• Exercise objective
As you reproduce every line below, keep it exactly as written and leave out the images.

• Data section

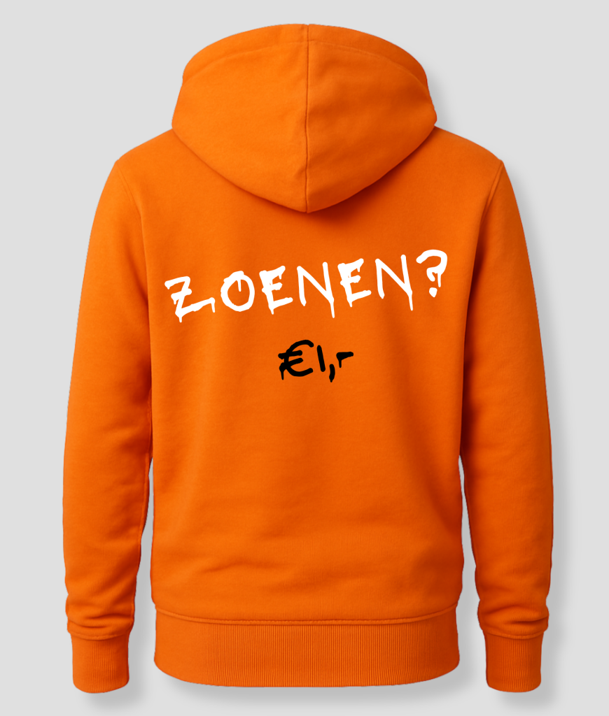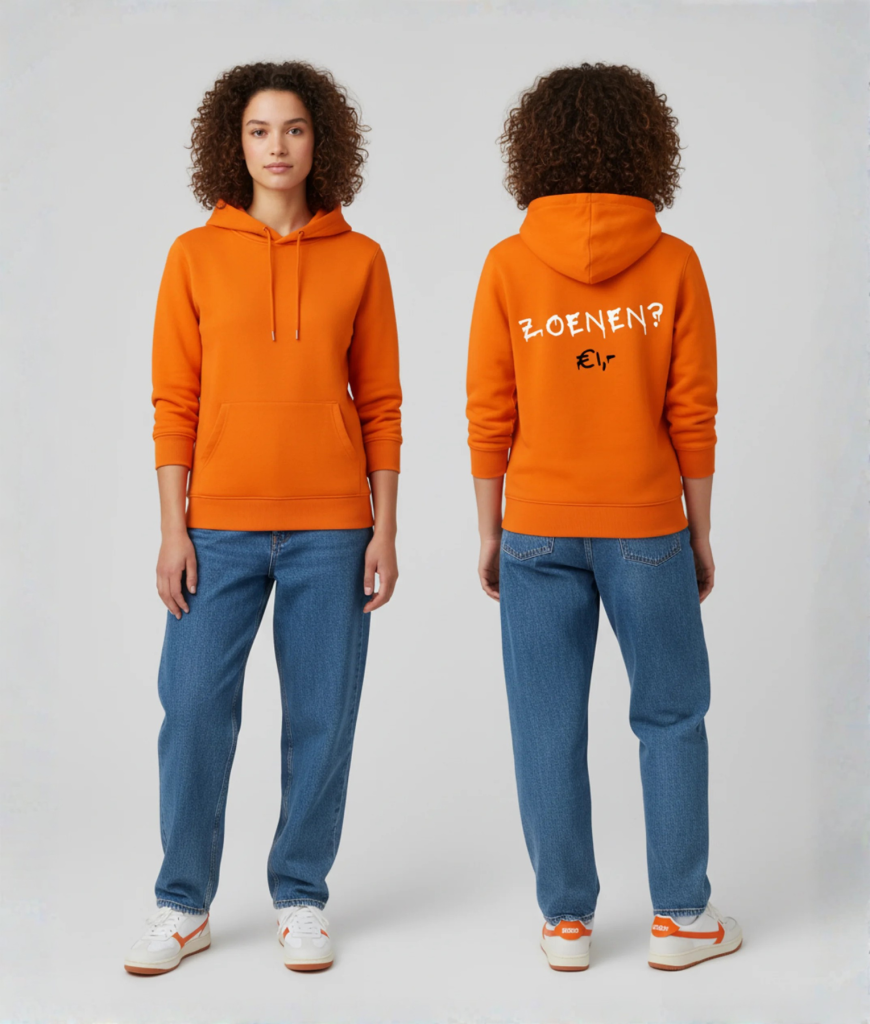 Zoenen? 1€ is de hoodie voor iedereen met lef (en misschien een beetje romantiek). Perfect voor Koningsdag of op een festival – draag ‘m met een knipoog en zie wie erop inhaakt
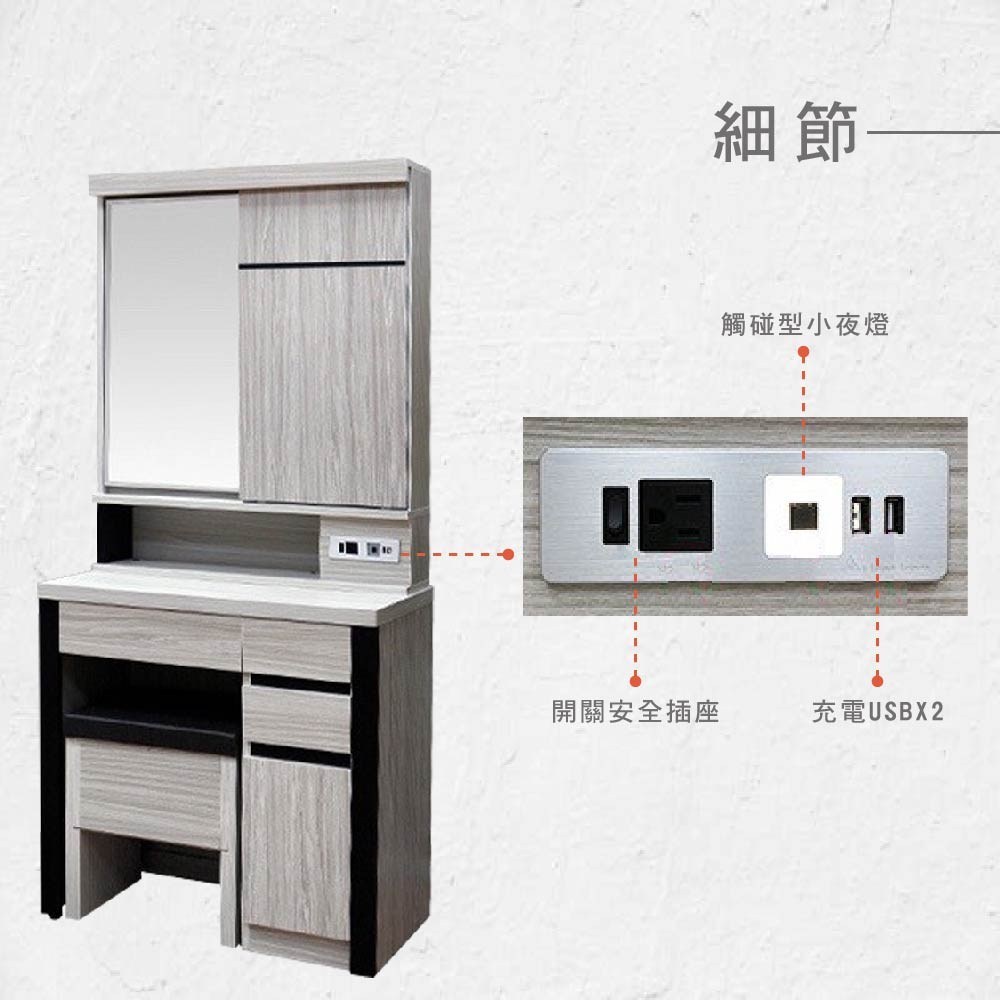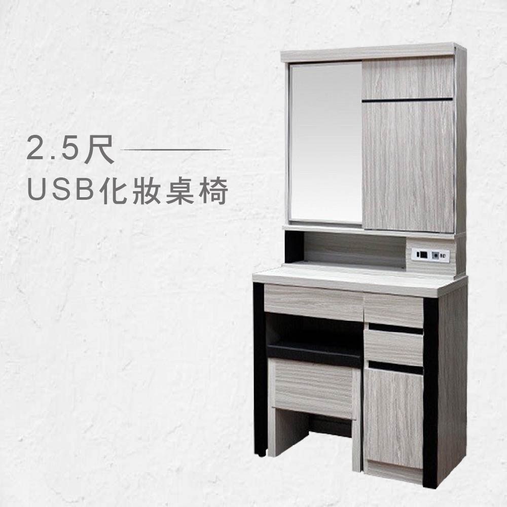 本木-鳴人 2.5尺 USB收納鏡台/化妝台(含椅)
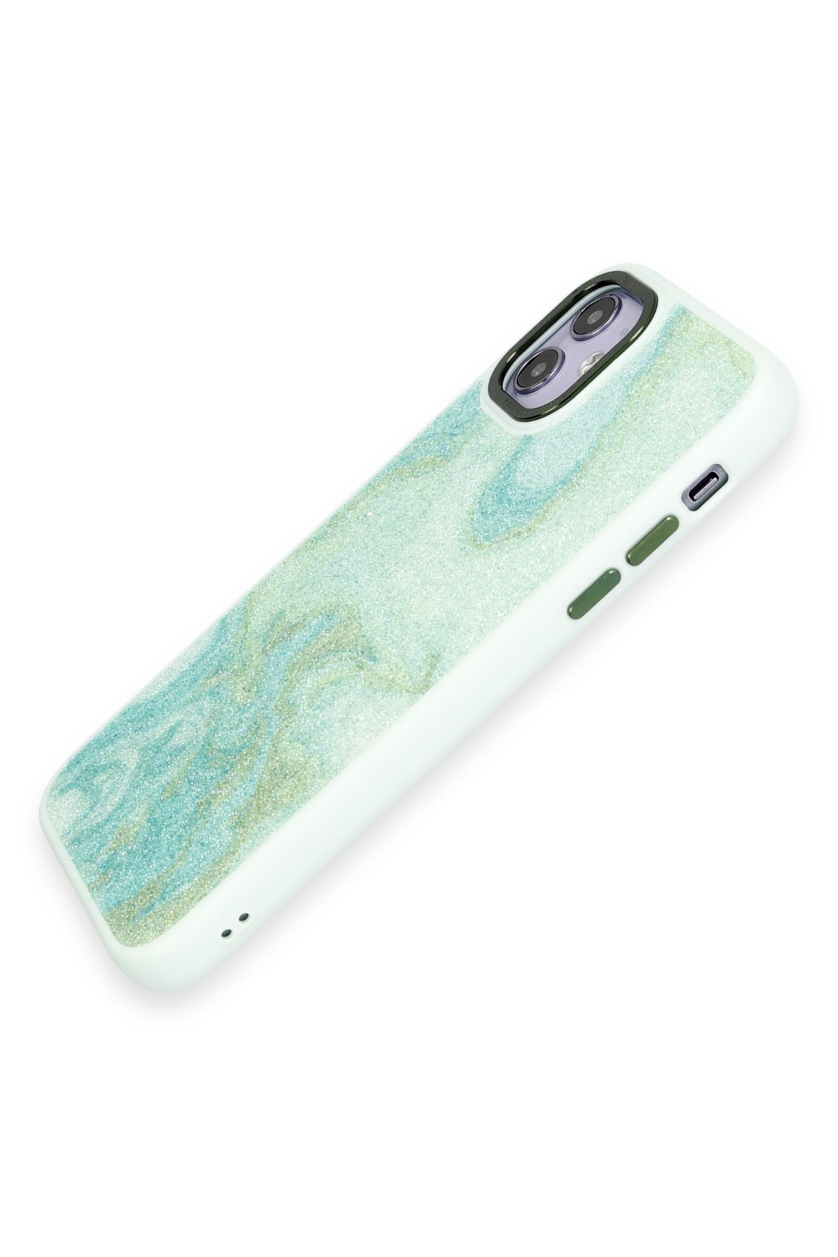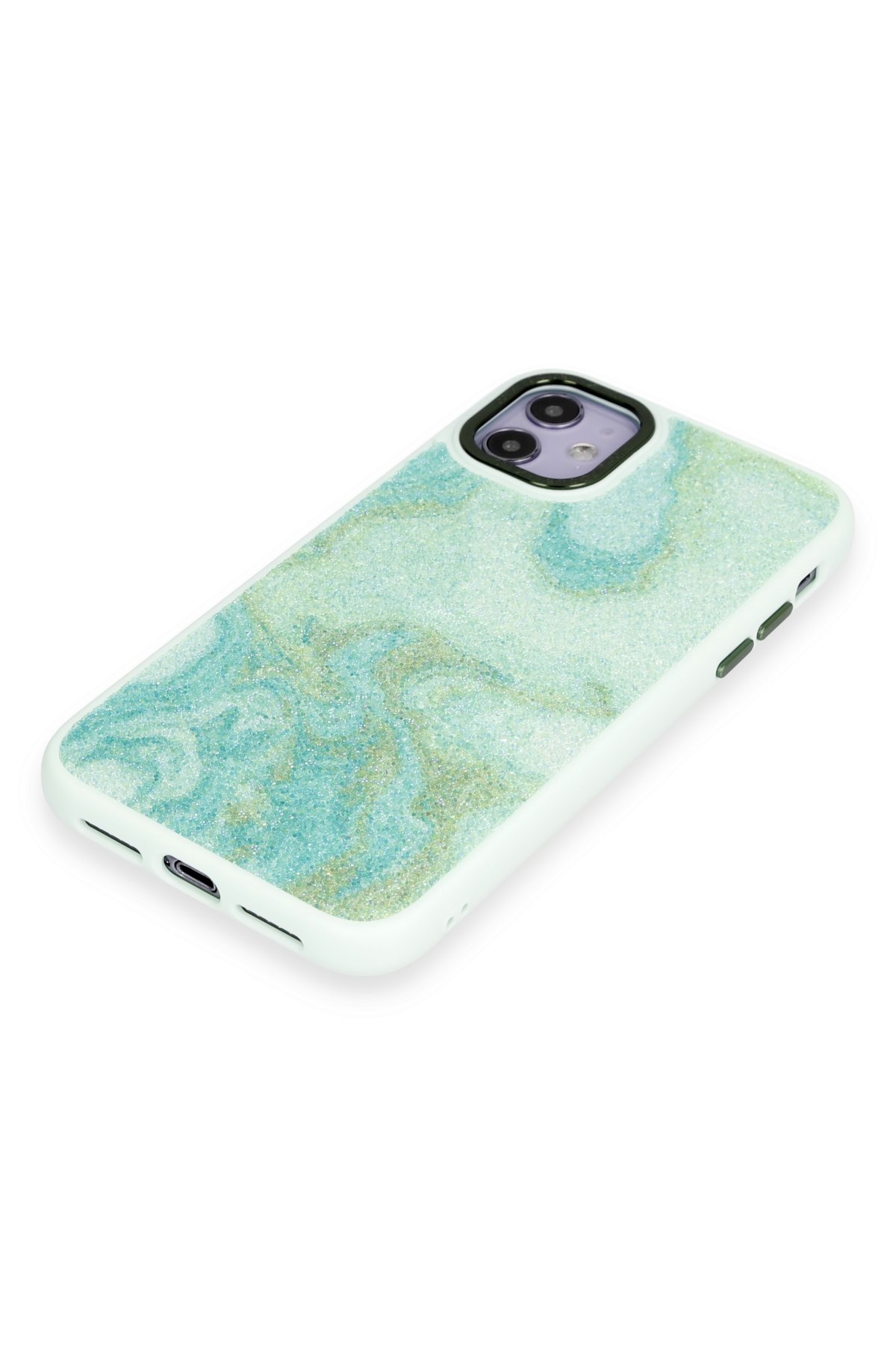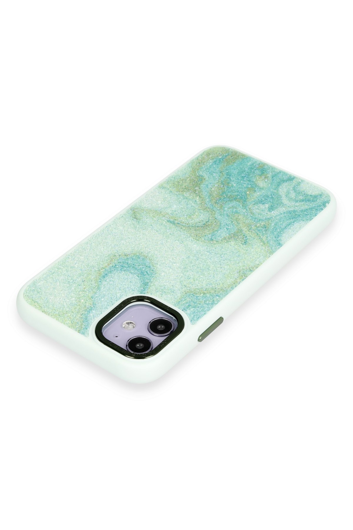 Newface iPhone 12 Kılıf Moda Simli Kapak – Yeşil
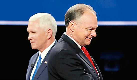 大公网10月6日讯(驻纽约记者黄晓敏)美东时间4日晚九时,美国副总统候选人进行了大选中唯一的一场电视辩论。不出所料,两位发挥出打手的作用,面对主持人提出的问题频频答非所问,不遗馀力地打击对方的总统候选人,同时为自己的搭档辩护。当天民调显示,共和党的彭斯以48%的支持率,小胜民主党的凯恩。

• Response area
 Zoenen? 1€ is de hoodie voor iedereen met lef (en misschien een beetje romantiek). Perfect voor Koningsdag of op een festival – draag ‘m met een knipoog en zie wie erop inhaakt
 本木-鳴人 2.5尺 USB收納鏡台/化妝台(含椅)
 Newface iPhone 12 Kılıf Moda Simli Kapak – Yeşil
 大公网10月6日讯(驻纽约记者黄晓敏)美东时间4日晚九时,美国副总统候选人进行了大选中唯一的一场电视辩论。不出所料,两位发挥出打手的作用,面对主持人提出的问题频频答非所问,不遗馀力地打击对方的总统候选人,同时为自己的搭档辩护。当天民调显示,共和党的彭斯以48%的支持率,小胜民主党的凯恩。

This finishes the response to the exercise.